EXERCISE PROMPT :: The answer must consist solely of the lines below starting at the one containing "Este aviso de" and ending at the one containing "V neseříznutém stavu", repeated exactly, with both ends included and all pictures omitted.

SUPPLIED ENTRIES ::
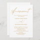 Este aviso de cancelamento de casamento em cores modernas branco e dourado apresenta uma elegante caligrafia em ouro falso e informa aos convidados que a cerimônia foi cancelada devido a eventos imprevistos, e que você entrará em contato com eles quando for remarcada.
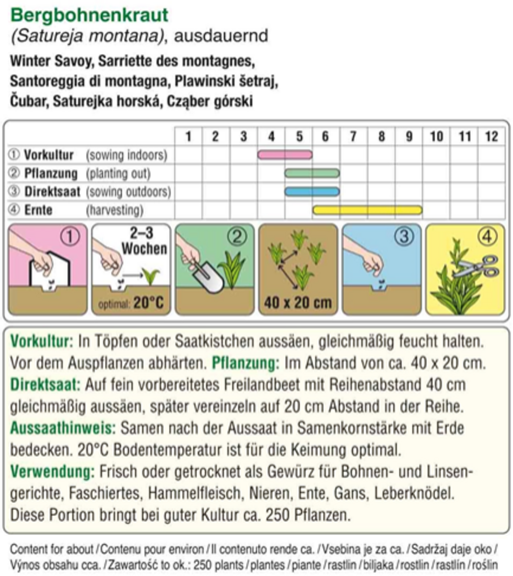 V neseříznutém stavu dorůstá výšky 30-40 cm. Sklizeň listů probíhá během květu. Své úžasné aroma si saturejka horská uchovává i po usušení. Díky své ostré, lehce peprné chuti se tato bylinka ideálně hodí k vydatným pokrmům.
---
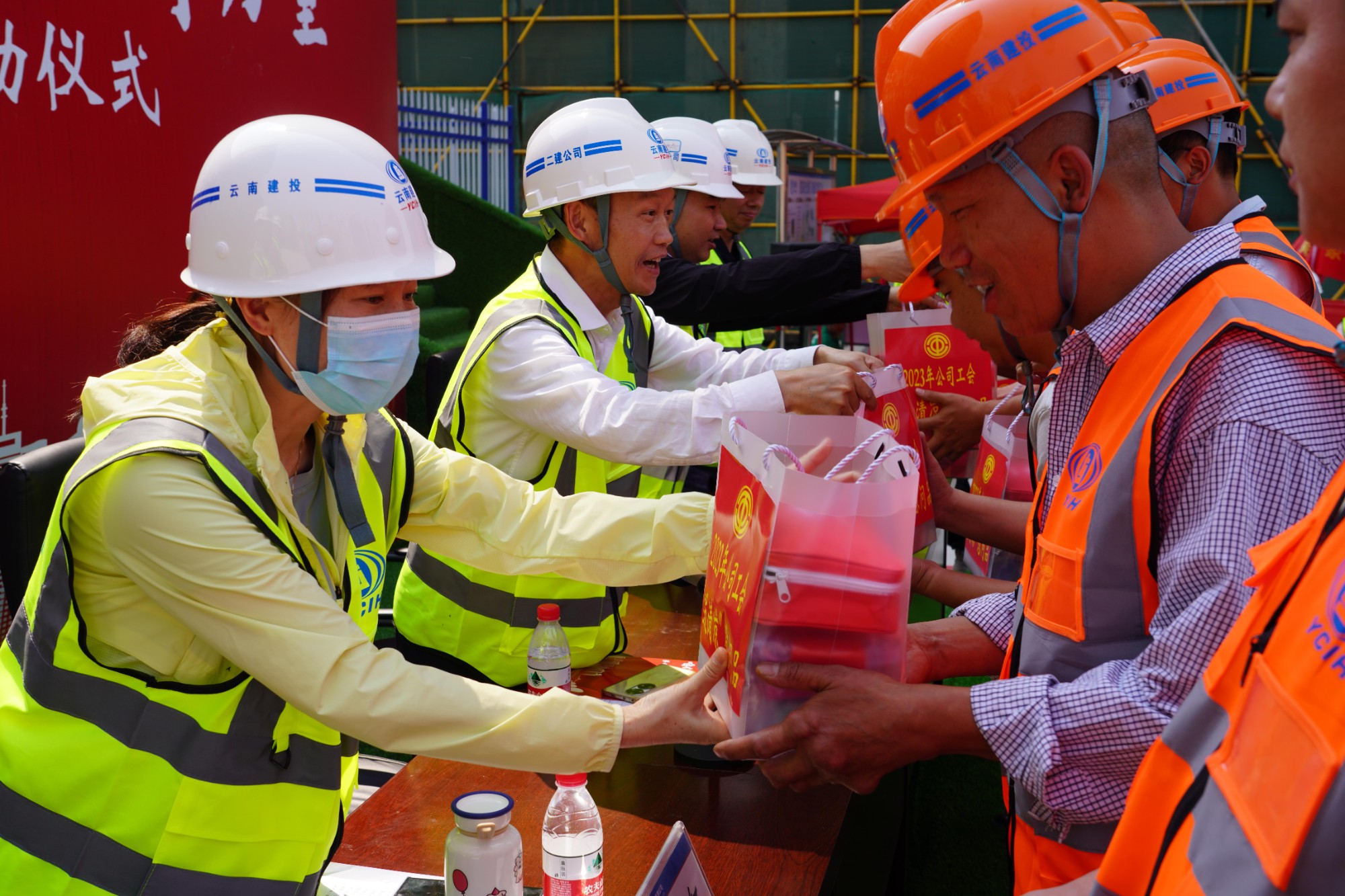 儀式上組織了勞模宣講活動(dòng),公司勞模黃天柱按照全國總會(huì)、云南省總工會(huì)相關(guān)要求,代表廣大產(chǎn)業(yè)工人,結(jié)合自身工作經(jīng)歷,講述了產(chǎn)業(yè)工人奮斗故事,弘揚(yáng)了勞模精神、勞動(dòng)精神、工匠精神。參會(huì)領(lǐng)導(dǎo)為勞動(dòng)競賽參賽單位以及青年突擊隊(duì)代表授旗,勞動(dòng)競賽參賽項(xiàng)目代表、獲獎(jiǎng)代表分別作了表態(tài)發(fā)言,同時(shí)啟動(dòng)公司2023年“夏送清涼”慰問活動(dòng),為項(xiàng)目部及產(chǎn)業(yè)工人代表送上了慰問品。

PROBLEM SOLUTION ::
 Este aviso de cancelamento de casamento em cores modernas branco e dourado apresenta uma elegante caligrafia em ouro falso e informa aos convidados que a cerimônia foi cancelada devido a eventos imprevistos, e que você entrará em contato com eles quando for remarcada.
 V neseříznutém stavu dorůstá výšky 30-40 cm. Sklizeň listů probíhá během květu. Své úžasné aroma si saturejka horská uchovává i po usušení. Díky své ostré, lehce peprné chuti se tato bylinka ideálně hodí k vydatným pokrmům.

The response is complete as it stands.